▸ What is required: Repeat only the lines between the one with "Made in USA" and the end of the material below, both ends included. Omit any picture.

********************

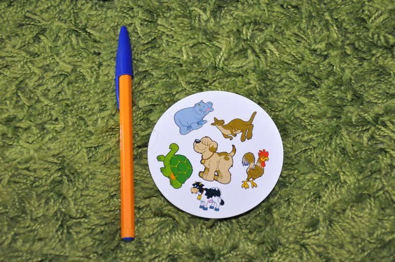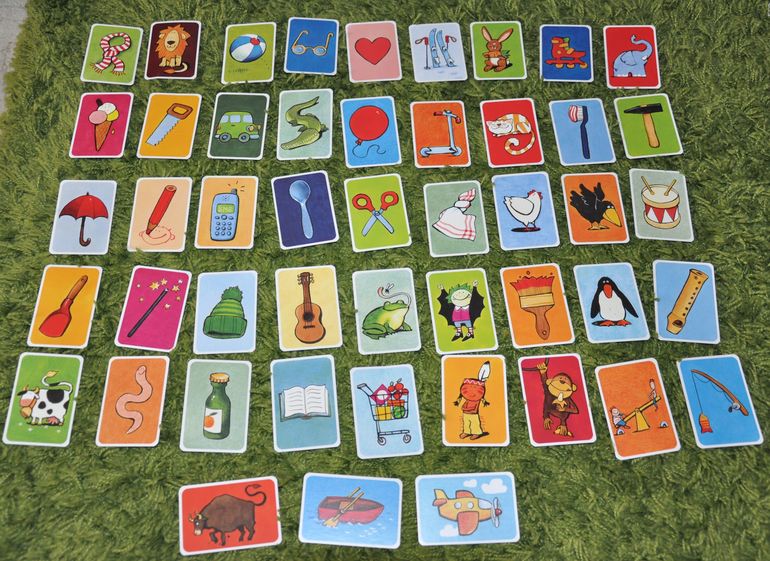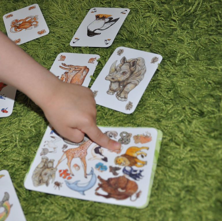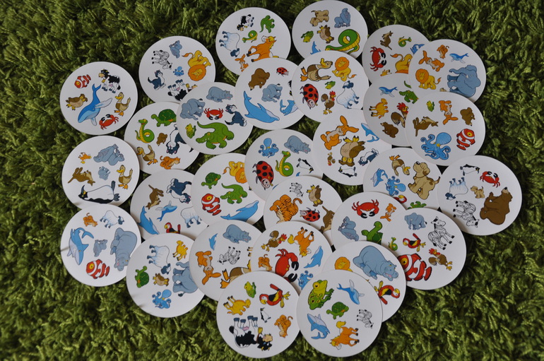 Как играть: сначала игроки одновременно переворачивают свои карты. Теперь цель каждого игрока - оказаться первым, кто найдет одинаковое животное на карте в центре стола и на карте одного из игроков (не своей). Как только он это сделает, это животное надо назвать и положить карту из центра колоды на карту того игрока, у которого было найдено совпадающее животное. Теперь вверху колоды оказалась новая карта. Игра продолжается до тех пор, пока в колоде в центре стола не закончатся карты.
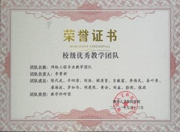 2020年,网络工程教研室被评为湖南省普通高等学校本科教育教学优秀基层教学组织;2021年,网络工程专业教学团队获评“校级优秀教学团队”。
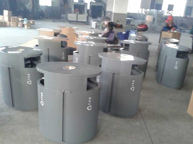 欣方圳戶外鋼板分類垃圾桶靜電粉末噴涂工藝,雙層防銹,漆面色澤耐久;!
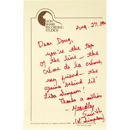 <B>Lisa Simpson Saxophone, with Extras Including Platinum Album Presentation.</B></I>The two decades-long (and counting) popularity of <I>The Simpsons </B></I> is a dynamic, cutting-edge chapter in TV history, and few sounds conjure the mad creativity of the early, irreverent, in-your-face episodes as Lisa Simpson wailing away on her saxophone. Doug Norwine, Heritage's Entertainment Director, was Lisa's sax alter-ego, both in the show's pivotal early years and on the top-selling music albums <I>Simpsons Sing the Blues</B></I> (which went Gold and Platinum) and <I>The Simpson Yellow Album</B></I> (partly produced by George Clinton, founder of Parliament Funkadelic). Now Doug and Heritage are offering the baritone sax he played in creating those Lisa S. musical flourishes heard-round-the-world. The musician and his saxophone saw action in the original Simpson TV incarnation, Matt Groening's 30-second <I>Life in Hell</B></I> "bumpers, " on 1987's late-lamented <I>The Tracey Ullman Show.</B></I> <BR><BR>As <I>The Simpsons</B></I> began its own phenomenal run in 1989, Doug continued to provide Lisa's saxophone sound, especially memorably in the popular "Bleedings Gums Murphy" episode and the well-remembered "God Bless the Child" number included on <I>Simpsons Sing the Blues</B></I> album. This is the same saxophone Doug played on the Ray Charles album <I>My World</B></I> and onstage with such legends as Frank Sinatra, Tony Bennett, Frankie Valli, Melissa Manchester, and Chaka Khan, as well as the <I>Roseanne</B></I> TV series and myriad TV and radio commercials. The Armstrong Heritage "Bari" saxophone comes with all the reeds that created the Lisa Simpson sax sounds, and with some great bonus items: the saxophone case, with "Lisa Simpson" written on it; a laser copy of a handwritten note from Yeardley Smith, voice of Lisa Simpson, praising Doug as "The genius behind lil' Lisa Simpson" (written on the letterhead of Lion Share Studios, where the recordings were made; a laser copy of Doug's sheet music for "God Bless the Child" signed and personalized by the voice of "Marge Simpson," Julie Kavner (with a funny and provocative inscription); a signed picture of Doug Norwine; and Doug's own platinum album presentation. This truly unique item and all its "extras" come complete with a COA from Doug Norwine.<BR><BR> <I>The Simpsons</B></I> transcended being a mere weekly show -- it proved to be both a culture shock and an iconic success story. This saxophone and accompanying artifacts fully capture an instantly recognizable sight-and-sound sensation from an ongoing TV classic. All items are in Excellent condition.<BR><BR><b>Shipping:</b> Musical Instruments, Large (<a target="_blank" href="http://www.heritageauctions.com/common/shipping.php">view shipping information</a>)
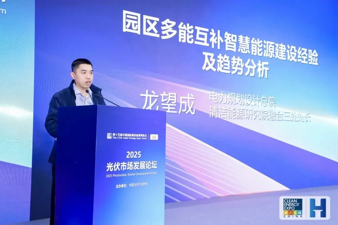 电力规划设计总院清洁能源研究院融合三处处长龙望成作“园区多能互补智慧能源建设经验及趋势分析”报告。他表示,工业园区绿色低碳发展已经成为大势所趋,绿色直连、零碳园区等政策持续发力。高比例绿能园区具有保供应、降成本、减碳排、增绿电(证)等突出优势,备受多方关注。
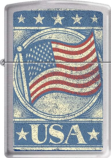 Made in USA Zippo lifetime guarantee Patriotic Theme Satin Chrome Finish
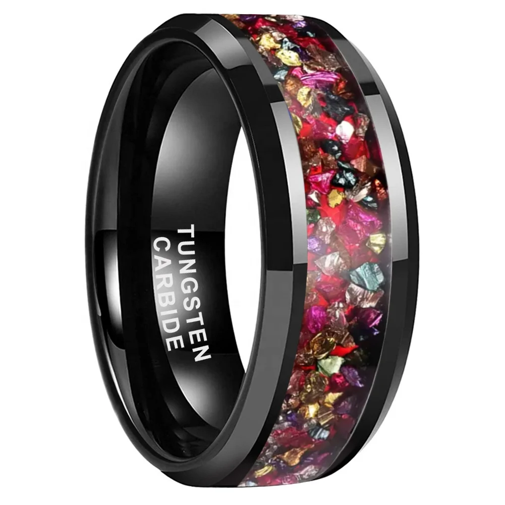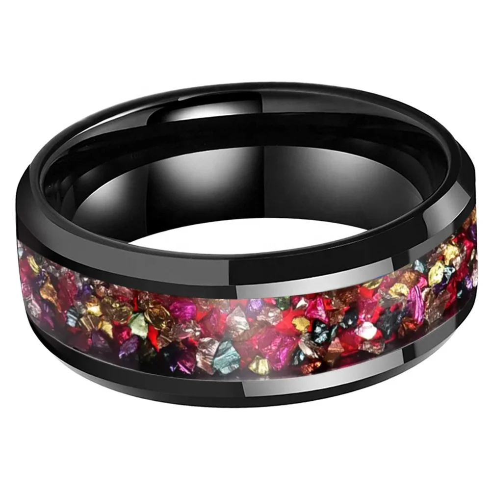 Coolstyle Jewelry 8mm Mens Womens Fashion Engagement Wedding Band Colorful Imitated Agate Chip Inlay Tungsten Carbide Ring

********************

▸ Solution to this task:
 Made in USA Zippo lifetime guarantee Patriotic Theme Satin Chrome Finish
 Coolstyle Jewelry 8mm Mens Womens Fashion Engagement Wedding Band Colorful Imitated Agate Chip Inlay Tungsten Carbide Ring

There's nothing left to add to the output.